Dragon Keeper: Garden of the Purple Dragon
- Author: Carole Wilkinson
- Language: English
- Series: Dragonkeeper
- Genre: Children's fantasy novel
- Publisher: Black Dog Books
- Publication date: September 2005
- Publication place: Australia
- Media type: Print (hardback)
- Pages: 352 pp (first edition, hardback)
- ISBN: 0-330-44111-6
- OCLC: 73954463
- Preceded by: Dragonkeeper
- Followed by: Dragon Moon

= Garden of the Purple Dragon =

Book by Carole Wilkinson

Dragon Keeper: Garden of the Purple Dragon is a children's fantasy novel by Carole Wilkinson, published in September 2005 by Macmillan Publishers. It is the second book in the Dragonkeeper series and is followed by Dragon Moon. It is set in ancient China, during the Han dynasty, and continues the story of Ping, a slave girl turned dragonkeeper.

==Plot==
Ping is living on the top of Tai Shan mountain trying to raise Kai, Danzi's son. Ping learns that Kai can shape-change and turns into firstly a soup ladle. They are living happily until one day their goat is found with its throat slit. Hua also returns to Ping on a red phoenix's back. Ping and Kai flee but they run into the necromancer. After Hua uses his newfound powers to hold off the necromancer while Ping and Kai escape, Ping, Kai and Hua are later captured by guards and taken to Liu Che, Emperor of China, and Ping's 'friend' who drops all charges against them. Ping stays in the palace and meets Princess Yangxin and the two become friends, and the Princess begins to teach Ping how to read and write, since she is unable to do so already. Ping eventually convinces the Emperor to search for any other Dragon Keepers, as she hopes to find her family. She, Kai and Dong Fang Suo (Fatso as Kai had begun to call him) go to the village in search of the next Dragon Keeper, but they do not find Ping's family there, but a boy named Jun who is taken to be instructed as a Dragonkeeper. Ping becomes jealous when Kai seems to prefer Jun over her. During the journey back to the palace, Ping is nearly killed in an accident and left for dead, but she survives and finds her real family. After staying with them for a short time, she decides to return to the palace for Kai, but the Necromancer is there, bleeding Kai. They duel and Ping, without Kai, escapes to warn the Emperor who reveals that he is in league with the Necromancer. She is stripped of her position as Imperial Dragonkeeper and taken off to be sacrificed. During the sacrifice, Dong Fang Suo, Jun, Hua and Kai come to her aid and they defeat the necromancer though Dong Fang Suo is killed (who says it was the Emperor who ordered him and the necromancer to make the accident that almost killed Ping before he dies). While Jun takes his body away, Ping and Kai (Ping had let Hua go free with other rats) escape with Princess Yangxin, who asks them to go with her to the Duke's at the Kunlun Mountains, and the two agree, hoping to find a place to live in safety from the Empire.

==Awards==

Awards for Dragon Keeper: Garden of the Purple Dragon
| Year | Award | Result | Ref. |
|---|---|---|---|
| 2006 | COOL (Canberra's Own Outstanding List) Award | Shortlist |  |
| 2006 | Kids Own Australian Literary Awards (KOALA) | Shortlist |  |
| 2006 | Queensland Premier's Literary Awards | Shortlist |  |
| 2006 | West Australian Young Book Readers Awards | Winner |  |

== Reception ==
Booklist's Sally Estes wrote: "This sequel to Dragon Keeper (2005) is as exciting as its predecessor, and once again the tightly bonded relationship between girl and a dragon forms the story's appealing heart".
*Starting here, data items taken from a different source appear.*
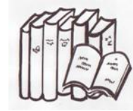
Büchern + Lehrmitteln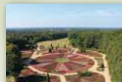
Stadt Schneverdingen www.schneverdingen.de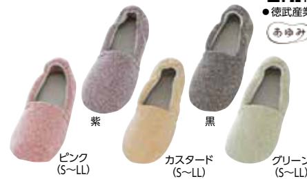
ピンク (S~LL) 紫 カスタード (S~LL) グリーン (S~LL)

201346 3,520円 片足1,760円 税抜3,200円 税抜1,600円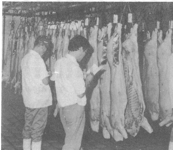
▲ 厳しい審査の中から選ばれた優良肉豚 (光町営食肉センターで)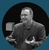
Grammenos Mastrojeni Segretario Generale aggiunto dell'Unione per il Mediterraneo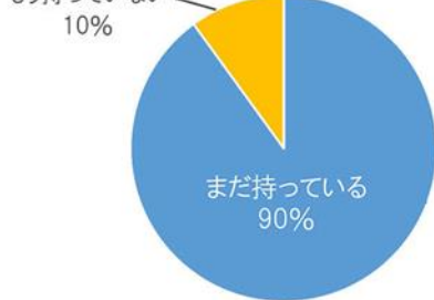
Q. むかし使っていた携帯電話をお持ちですか？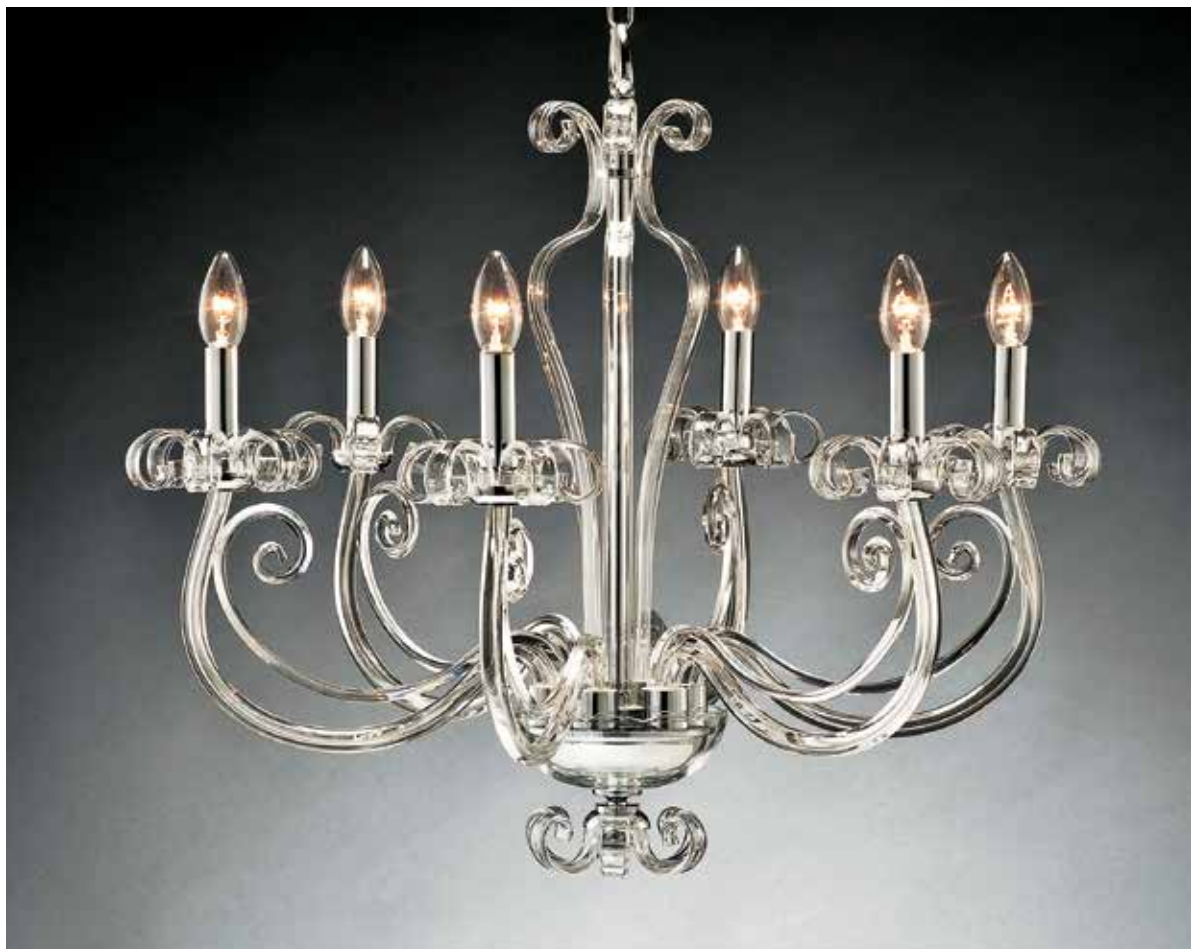
Sandy/6 cromo ø 72 H 65 disponibile oro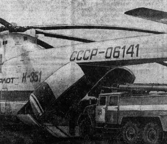
МИ-26 — так называется новый советский тяжелый вертолет. Созданный под руководством главного конструктора М. Н. Тихенко в конструкторском бюро имени М. Л. Миля, он способен перевозить в грузовой кабине и на внешней подвеске грузы весом до 20 тонн.

В коллекции М. Заринова — более 50 работ. Но, несомненно, к началу осенней выставки в Чите она пополнится новыми картинами: ведь все лето художник проводит у седых вершин Удлана.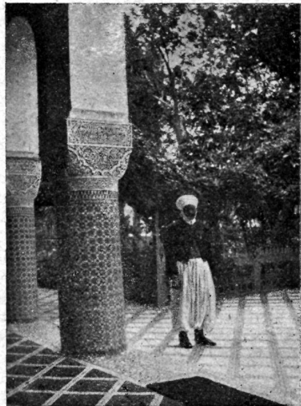
Fezi raiooni ülema kindral de Chambrun'i asukoht.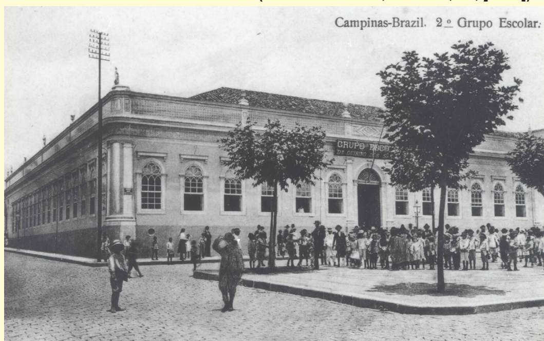
FIGURA 2 – ANTIGO SOLAR DOS ARANHA (2º GRUPO ESCOLAR, CAMPINAS, SP, [1923]).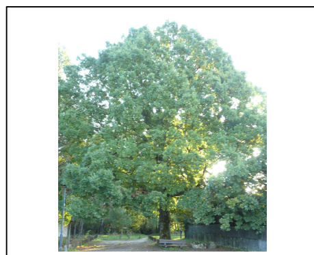
Le grand chêne de l'entrée du bois de Soyaux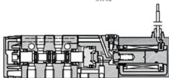
两位五通单电结构原理图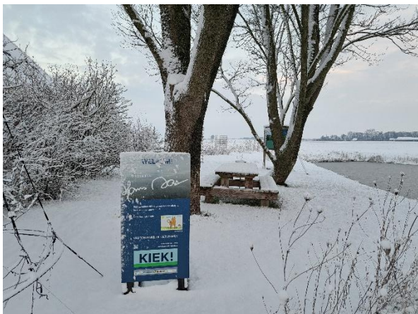
Planten, dieren, luchten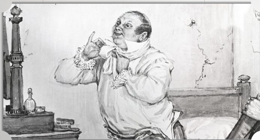
ПАВЕЛ ИВАНОВИЧ ЧИЧИКОВ В ГОСТИНИЦЕ ГУБЕРНСКОГО ГОРОДА.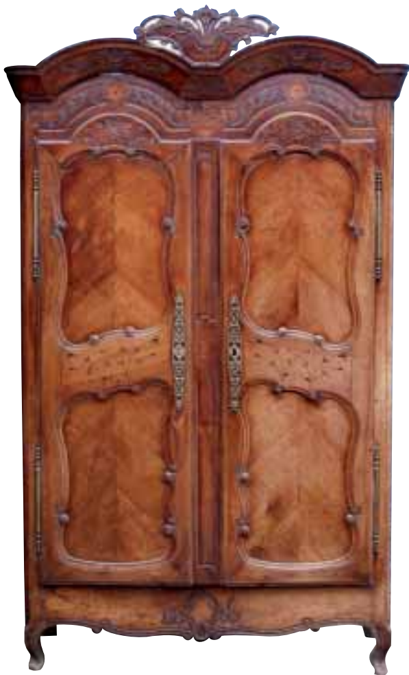
Armoire en merisier et placage de merisier marqueté de fleurs Porte l'inscription «Fait par moi Gruel, l'an 1827» Région de Rennes Haut. 250 cm – Larg. 110 cm – Prof. 65 cm.

School Library Journals Quinby Frank highlighted the novel's protagonist, calling Ping "an appealingly feisty heroine". Frank also noted that "the dragon's baby talk that Ping hears inside her head makes him seem more real, if a bit silly". Frank also praised Wilkinson's ability to "a vivid picture of life in the Imperial Ming Yang Lodge" but warned about some of the "horrifyingly graphic" scenes related to "the necromancer's practices".

In contrast, Kirkus Reviews called the novel "glacially paced" and noted that the main quest, which "jump-starts a chain of revelations and betrayals that culminate in a second", "ends anticlimactically".